James “Pigeon” Fielder, CSU Instructor in the Department of Political Science, had the honor of speaking at TEDxMileHigh this past November where he discussed the power of games. Games, as he describes, are spaces inside which ritual becomes real to the participants. Games allow you to work together to overcome obstacles that feel real but are risk-free. They allow you the space to take risks and learn from the consequences of your actions. “Perhaps, the first time you practice responding to a crisis should not be during an actual crisis,” Fielder suggests. Games are designed to be fun, but they can also be a matter of life and death.
Fielder—a self-proclaimed “professional gaming nerd” —has designed military, educational, and entertainment games since 1997. He joined CSU as an instructor after retiring from the U.S. Air Force as a Lieutenant Colonel and Associate Professor of Political Science at the U.S. Air Force Academy. He is currently serving as a Marine Corps University Non-Resident Krulak Fellow for the academic years 2021-2023. In addition, he is the Chief Operating Officer of Mobius Worlds Publishing and consults on organizational wargaming, crisis response exercises, and scenario planning.
For most of his 25 years in the Army and Air Force, he designed games from small team exercises all the way up to base-wide events with thousands of participants playing out real-world scenarios. Now, he researches player behavior inside of game worlds, runs game experiments, and teaches students using games to engage them with course concepts.
In what he considers the proudest moment of his entire military career, Fielder was able to use a game to save lives. While serving in Afghanistan in 2014—during a year of a highly contested Afghan presidential election—he was instructed to forecast the results of the upcoming election as well as devise a plan to prevent any casualties as a result of the election.
Using real world voting behavior data from Afghanistan, his team developed their election forecasts. They then built a literal board game out of the map of Kabul, including characters such as cultural groups, NATO forces, Afghan security, and the Taliban. They embodied themselves inside the minds of the characters, and asked Afghan forces they worked alongside for input in their role-playing scenarios.
The strategy of the game—figuring out who might get hurt, who might attack, where the Taliban might show up, and where civilians would go if violence broke out. They ran the game over multiple iterations and kept coming back to the same security conclusions. Fielder shared his election security recommendations with the Colonel, and it turned out his forecast on the election results was correct. As a result of his game, no NATO troops, Afghan security members, or Afghan civilians in Kabul were injured or killed in electoral violence.

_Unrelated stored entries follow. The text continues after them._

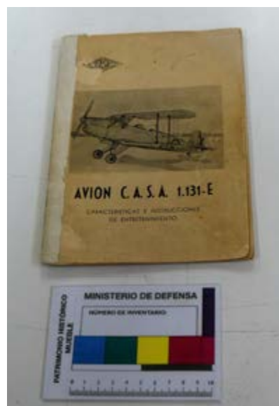
Manual Casa 1.131-E

Y por último, un manual de instrucciones correspondiente al avión C.A.S.A. 1.131-E . Este manual resulta de interés para el museo, puesto que uno de los aviones más fabricados y longevos de la historia, utilizado para el entrenamiento de pilotos, fue el Bü-131 "Jungmann", construido por la empresa alemana, radicada en Berlín, "Bücker Flugzeugbau GmbH". La versión española de este avión es el CASA 1.131-E, que fue una de las primeras series, montadas enteramente en España, al que en 1957, se le incorporó el motor ENMASA G-IVA "Tigre" de 125 cv. El Museo posee dos aviones de esta tipología y está a la espera de recibir otros 4 procedentes de AESA.
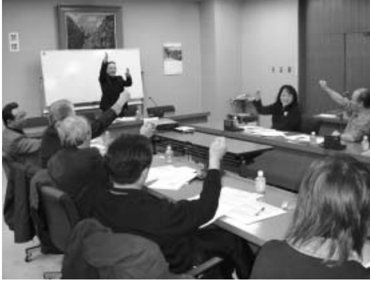
認知症サポーター養成講座の様子

名寄市でも、年々高齢化が進み安心して生活していくためには、避けては通れない課題のひとつとなっています。今月号では、認知症の予防について。来月号では、認知症と正しく向き合うための対応方法についてお知らせし、皆さんと一緒に考えていきたいと思えます。
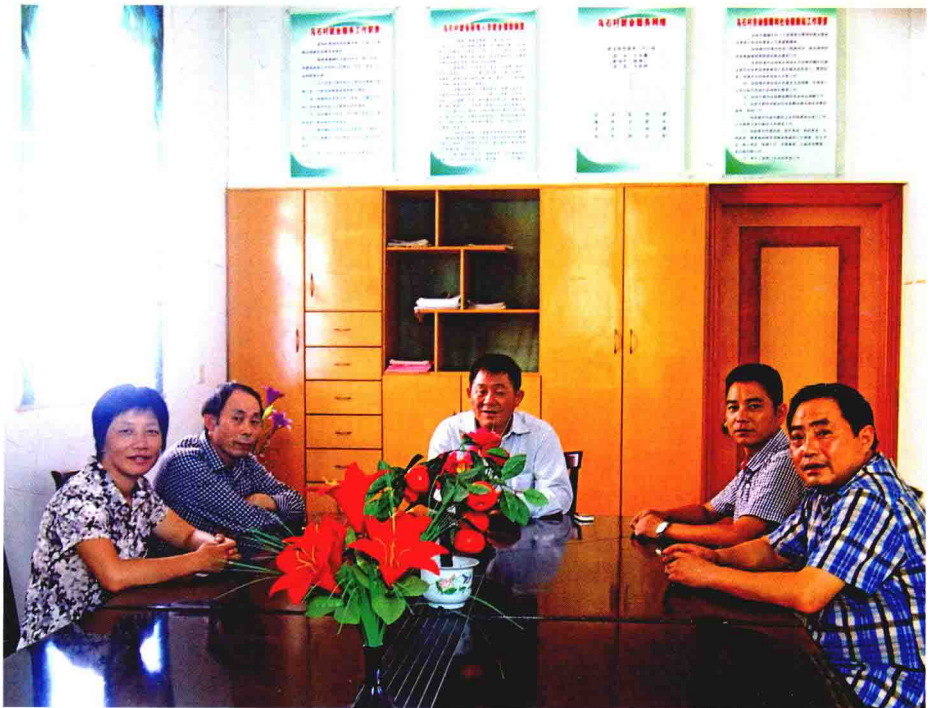
村两委会班子成员

Corporations and non-profits are turning to Fielder for help in scoping and shaping games for crisis response exercises and scenario planning. He acknowledges that while games are fantasy, you can learn a lot about yourself and your team. “With games you build trust, diverse teams, you learn how to fail before you learn how to win, and you unleash courage and creativity you never thought possible,” he says. So, when the next crisis comes – whether it’s a major winter storm, data breach, another pandemic—Fielder believes games are the answer to preparing us. “Having played together before, you have gained personal and team confidence, knowing how to react when issues arise,” he says.